Yorktown (CV-5), Ranger (CV-4) and Wasp (CV-7), along with the aircraft escort vessel Long Island (AVG-1), were in the Atlantic Fleet; Hornet (CV-8), commissioned in late October 1941, had yet to carry out her shakedown. Yorktown would be the first Atlantic Fleet carrier to be transferred to the Pacific, sailing on 16 December 1941.


----------



## Lucky13 (Jun 3, 2007)

Cheers Syscom...


----------



## Njaco (Jun 4, 2007)

So Admiral Kimmel saved the carriers while taking the blame for Pearl? Theres justice for ya.


----------



## syscom3 (Jun 5, 2007)

Njaco said:


> So Admiral Kimmel saved the carriers while taking the blame for Pearl? Theres justice for ya.



Kimmel (and Gen Short) was derelict in defending Hawaii for many reasons.

The carriers were out on missions to deliver aircraft, not to be out of port in case of an attack.


----------



## Njaco (Jun 5, 2007)

Yes I agree but almost every reference I've seen underscores his defense of Pearl while this is the first that I've seen where he had a hand in having the carriers away from the attack. He takes the blame but when I saw that he ordered the carriers away, just made me wonder.


----------



## Lucky13 (Jun 5, 2007)

What if they had sent up fighters when they first saw the Japanese coming? Did they spot them early enough to get them up to altitude?


----------



## Njaco (Jun 5, 2007)

Radar was in its infancy and they had a few sets brought over from England but didn't rely on it much. They saw the blips and thought it was a fliight of B-17s due in from the mainland.


----------



## syscom3 (Jun 5, 2007)

Lucky13 said:


> What if they had sent up fighters when they first saw the Japanese coming? Did they spot them early enough to get them up to altitude?

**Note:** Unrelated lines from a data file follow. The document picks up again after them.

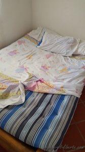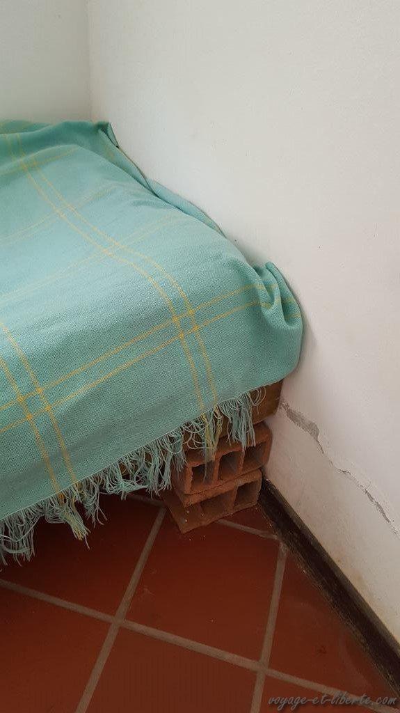 Le temps passant nous finissons par jeter notre dévolu sur une « cabaña » qui, vue de l’extérieur, est très jolie. C’est déjà pas mal. En outre, elle est au même prix que les chambres que nous louons chez nous à Guatapé : c’est l’occasion de voir ce que les autres proposent à un tarif similaire. Mais c’était sans compter sur l’obscurité qui ne nous permet pas de déceler l’essentiel : les literies sont pourries – les matelas défoncés reposent sur des briques ou des palettes, la salle de bain est un cagibi sans miroir où les toilettes fuient et le linge est d’une propreté très douteuse. Quant à la clim, nécessaire en raison des 35 degrés ambiants, elle est hors d’usage. Trop tard : nous avons déjà payé nos 165 000 pesos (un peu plus de 45 euros) et nous devrons (essayer de) dormir ici. En vain. Notez qu’on a eu de la chance, en saison c’est 300 000 pesos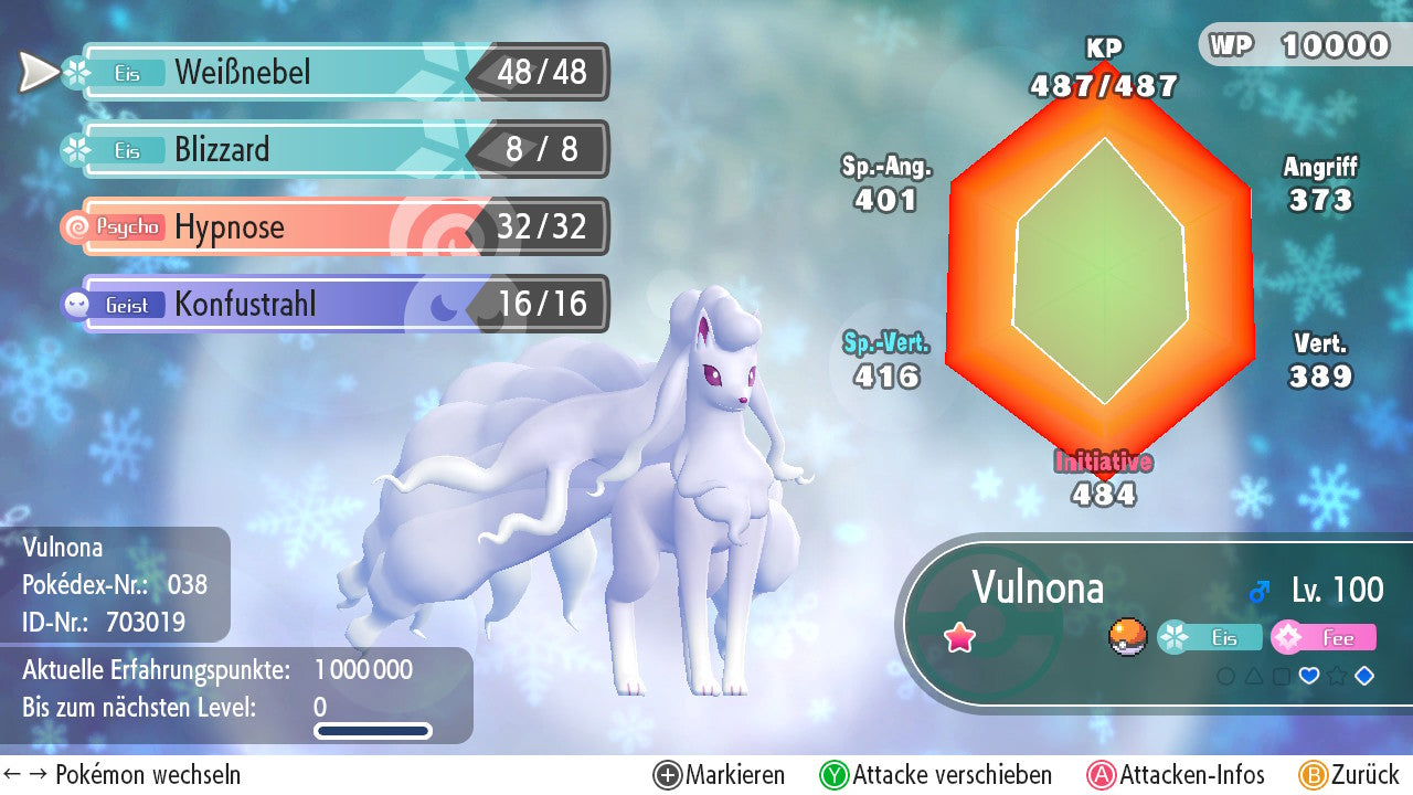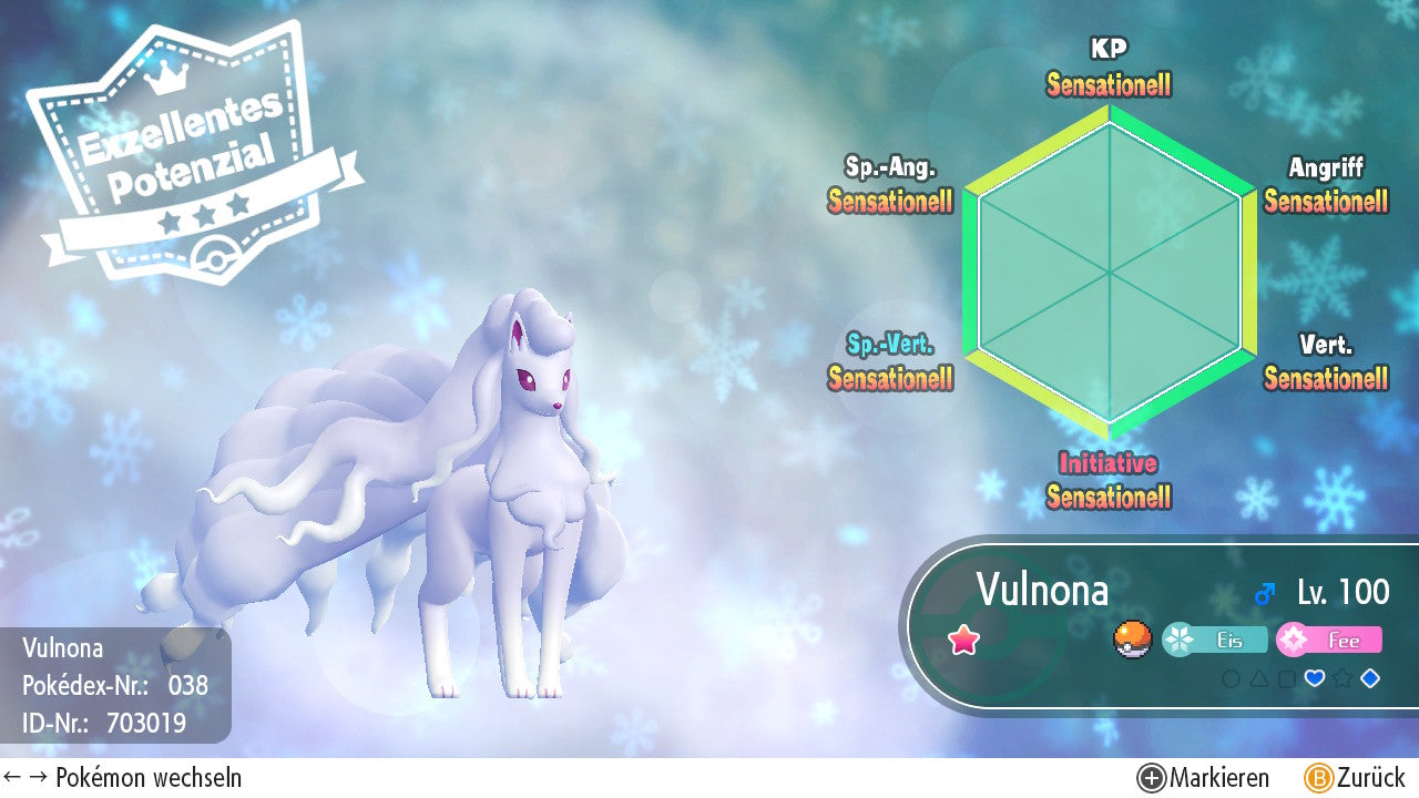 Das Pokemon ist mit beeindruckenden 6×31 IV-Werten ausgestattet. Das bedeutet, dass es auf allen sechs Werten (KP, Ang., Sp-Ang., Vert., Sp-Vert., Init.) die maximalen 31 IV/DV-Punkte besitzt. Dein Pokemon startet somit mit herausragender Stärke in digitale Kämpfe.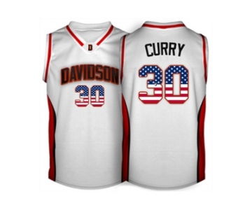 2016 US Flag Fashion Men's Davidson Wildcat Stephen Curry #30 College Basketball Jerseys - White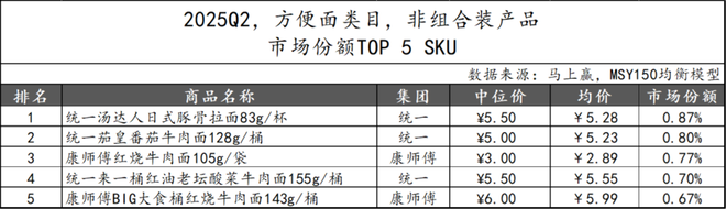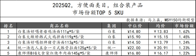 基于2025Q2方便面类目的市场份额TOP 5 SKU情况可以看到,非组合装产品中,统一集团继续保持强势,凭借多款产品占据三席,涵盖杯装、桶装等不同规格,展现出较强的产品布局能力。其中“汤达人”与“茄皇”系列位列前二。康师傅则凭借经典袋装产品和“BIG”桶装产品占据第三与第五,继续发挥其在大众消费层的品牌影响力。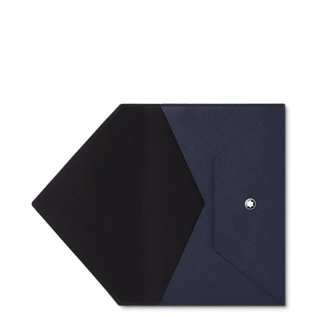 Caiet Montblanc Sartorial Envelope din piele saffiano albastru cerneală. În omagiu adus lumii scrisului, designul contemporan al accesoriului amintește de forma unui plic. Acest plic din piele are două buzunare pentru obiecte mai mici. Emblema Montblanc împodobește închizătoarea cu clapă. Caietul Envelope este prevăzut cu refill #146 cu linii, care se atașează cu capse. Dimensiuni 160 x 210 mm. Fabricat în Italia.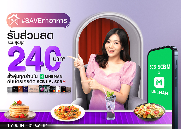 #SAVEค่าอาหาร อร่อยคุ้มทุกร้านใน LINE MAN บัตรเครดิต SCB และ SCB M รับส่วนลดรวมสูงสุด 240 บาท/ท่าน* ตลอดระยะเวลาส่งเสริมการขาย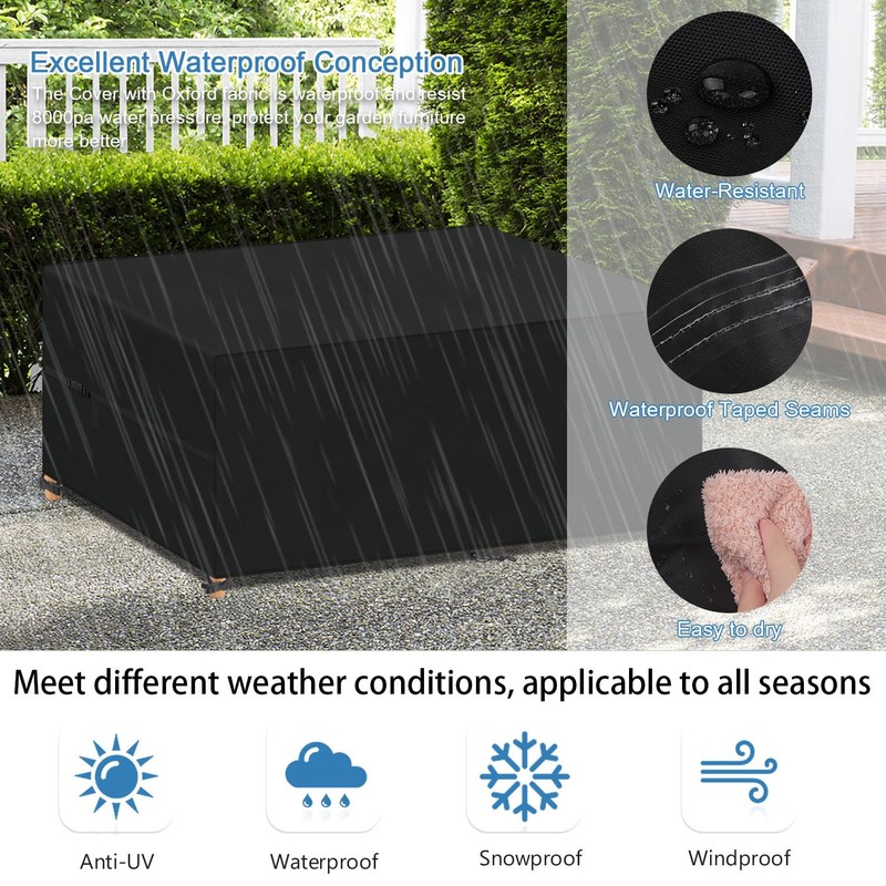 - 420D Oxford fabric waterproof material: cover garden furniture is Oxford polyester with PU thick coating, which is waterproof, weatherproof, dustproof, UV-resistant and tear-resistant. PU is better high-performance than PVC, as it is durable, heat-resistant and tear-resistant, softer and more comfortable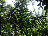 | Field notes | Cespitose palm. Stem 1.2m long, 6cm thick; spines 2.5cm long, yellow. Leaves 8 per stem; sheath 39cm, open; petiole 116cm, round, green; rachis 126cm; lamina 260 x 104cm; pinnae 19 per side, basal 47cm, middle 56cm, apical 45cm. Inflorescence interfoliar; prophyll 23cm long, 3cm thick; peduncular bract inserted 8cm from base; peduncle 31cm long, 1.3cm thick; rachis 0cm, branched to 1st order; rachillae 2, 10cm long, 0.8cm thick; flowers sessile. Transect HB345-SU30. |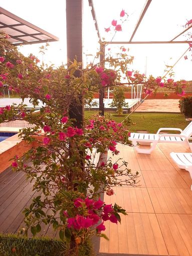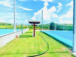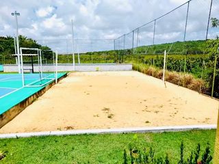 Quadra de tênis, poliesportiva, de vôlei de praia e mini campo de futebol.

The Japanese were coming in at a middle altitude, so the time to climb wasnt excessive.

Unfortunatly, they were all pretty much destroyed on the ground quickly.


----------



## Thorlifter (Jun 5, 2007)

Gotta side with the US knew something, but had no idea it was Pearl.


----------



## Lucky13 (Jun 5, 2007)

Isn't that the general belief that they knew that there were an attack going to happen but they didn't know where?


----------



## syscom3 (Jun 5, 2007)

The consensus was that a Japanese attack would start at the Philipines.

While some USN and US Army officers suspected that there could be an attack on pearl harbor, it was discounted.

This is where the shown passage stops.